-- RECORD EXTRACTS follows --

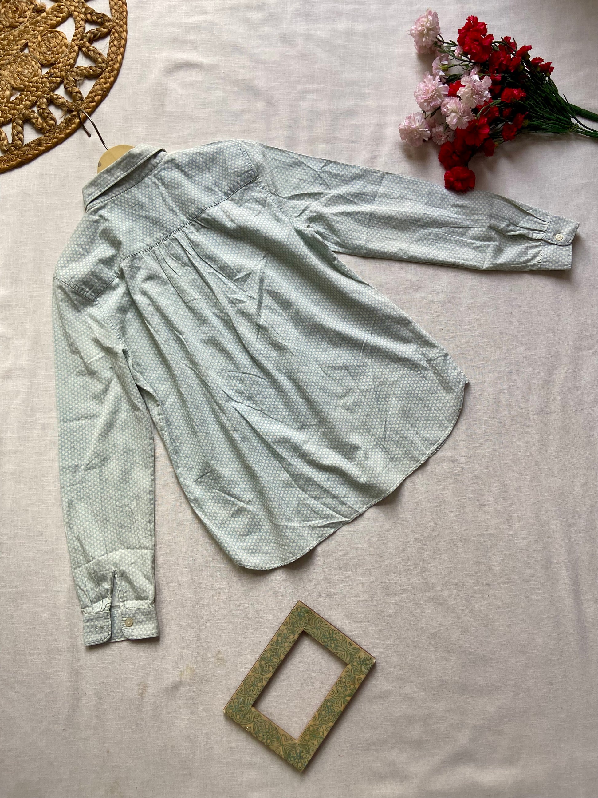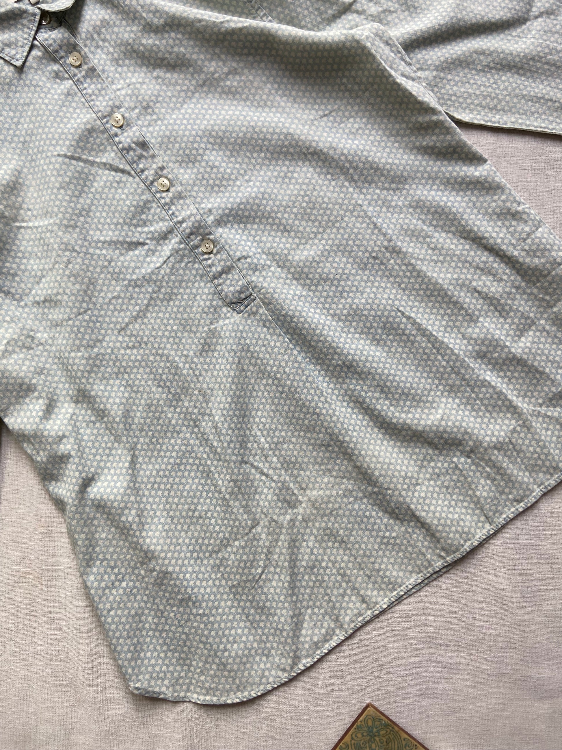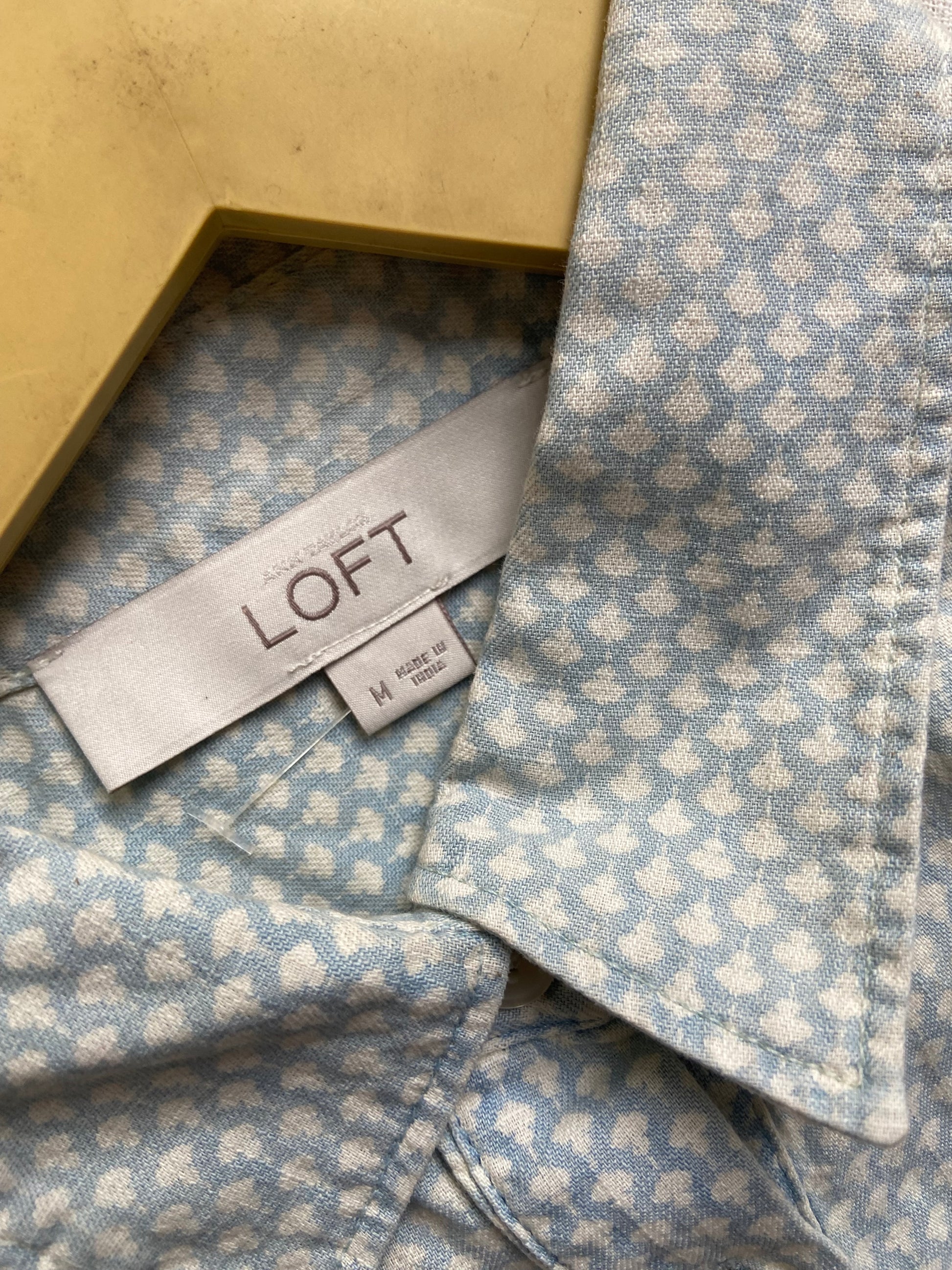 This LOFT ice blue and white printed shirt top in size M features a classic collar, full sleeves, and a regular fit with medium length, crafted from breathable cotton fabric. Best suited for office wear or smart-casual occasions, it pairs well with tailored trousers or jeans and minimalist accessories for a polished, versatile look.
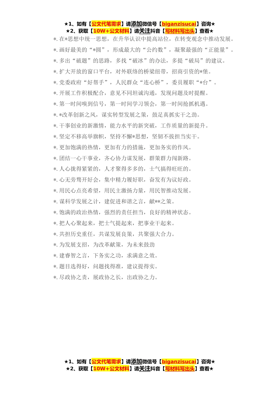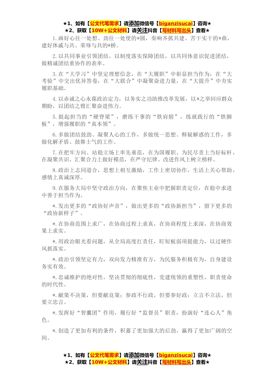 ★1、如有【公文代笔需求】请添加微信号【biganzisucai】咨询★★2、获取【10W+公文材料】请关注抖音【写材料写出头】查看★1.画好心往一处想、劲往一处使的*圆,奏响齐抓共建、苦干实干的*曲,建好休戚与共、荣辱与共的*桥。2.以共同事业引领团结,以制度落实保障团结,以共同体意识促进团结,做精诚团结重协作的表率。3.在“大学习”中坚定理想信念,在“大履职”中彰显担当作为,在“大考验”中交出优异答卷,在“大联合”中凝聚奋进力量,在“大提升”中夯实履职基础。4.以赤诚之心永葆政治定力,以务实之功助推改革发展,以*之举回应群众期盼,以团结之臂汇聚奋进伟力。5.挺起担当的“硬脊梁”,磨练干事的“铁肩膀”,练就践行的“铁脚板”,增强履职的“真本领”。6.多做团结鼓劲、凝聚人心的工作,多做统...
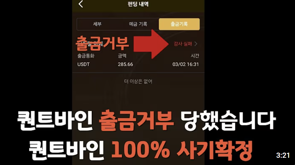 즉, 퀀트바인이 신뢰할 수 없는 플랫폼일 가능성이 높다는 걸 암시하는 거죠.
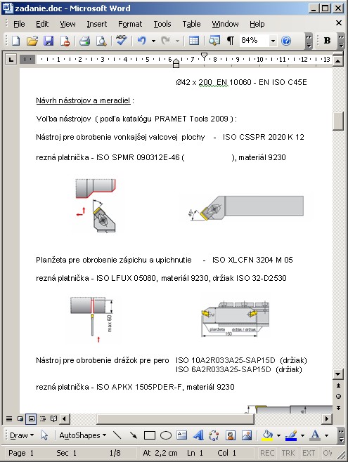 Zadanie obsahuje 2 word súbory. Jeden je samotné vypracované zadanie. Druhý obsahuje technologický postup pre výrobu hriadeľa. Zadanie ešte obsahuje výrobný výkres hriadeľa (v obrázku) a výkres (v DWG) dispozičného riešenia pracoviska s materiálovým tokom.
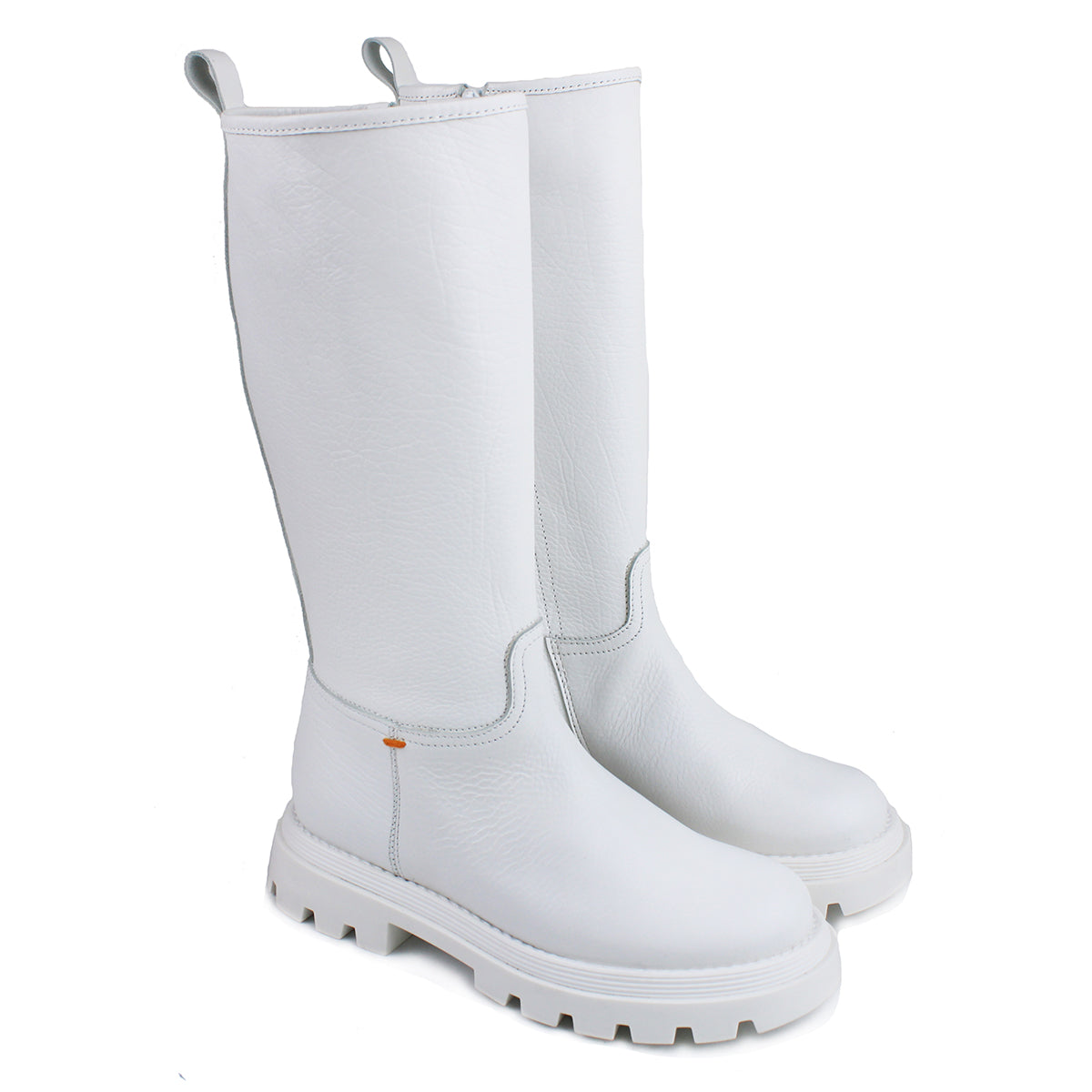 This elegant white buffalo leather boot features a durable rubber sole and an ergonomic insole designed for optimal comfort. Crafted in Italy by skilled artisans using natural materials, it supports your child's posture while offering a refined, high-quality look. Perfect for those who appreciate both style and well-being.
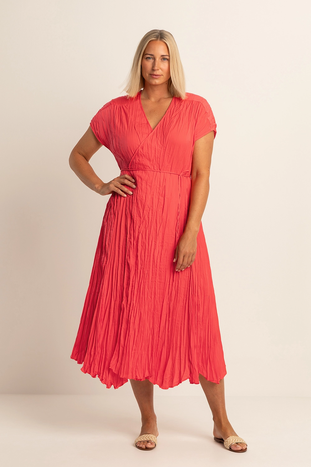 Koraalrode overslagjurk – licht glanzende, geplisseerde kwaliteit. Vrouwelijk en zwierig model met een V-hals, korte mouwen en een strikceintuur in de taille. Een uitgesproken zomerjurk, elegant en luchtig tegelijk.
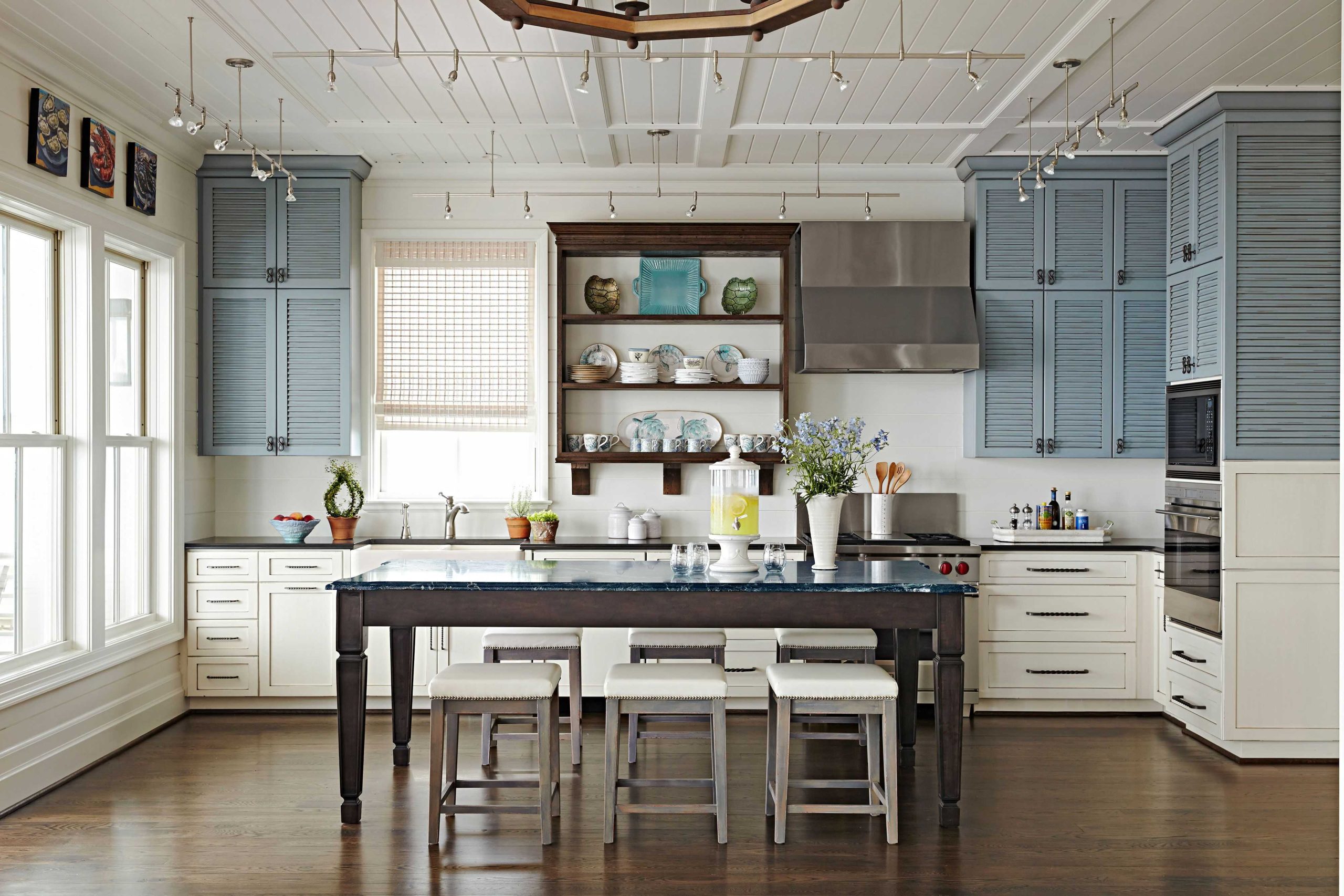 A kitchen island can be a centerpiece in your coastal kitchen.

-- RECORD EXTRACTS concluded --

_PROBLEM DESCRIPTION_
What are the lines in the records above, word for word, from the one containing "즉, 퀀트바인이 신뢰할 수 없는 플랫폼일 가능성이 높다는 걸 암시하는 거죠." through the one containing "This elegant white", both ends included and pictures left out?

_YOUR RESPONSE_
 즉, 퀀트바인이 신뢰할 수 없는 플랫폼일 가능성이 높다는 걸 암시하는 거죠.
 Zadanie obsahuje 2 word súbory. Jeden je samotné vypracované zadanie. Druhý obsahuje technologický postup pre výrobu hriadeľa. Zadanie ešte obsahuje výrobný výkres hriadeľa (v obrázku) a výkres (v DWG) dispozičného riešenia pracoviska s materiálovým tokom.
 This elegant white buffalo leather boot features a durable rubber sole and an ergonomic insole designed for optimal comfort. Crafted in Italy by skilled artisans using natural materials, it supports your child's posture while offering a refined, high-quality look. Perfect for those who appreciate both style and well-being.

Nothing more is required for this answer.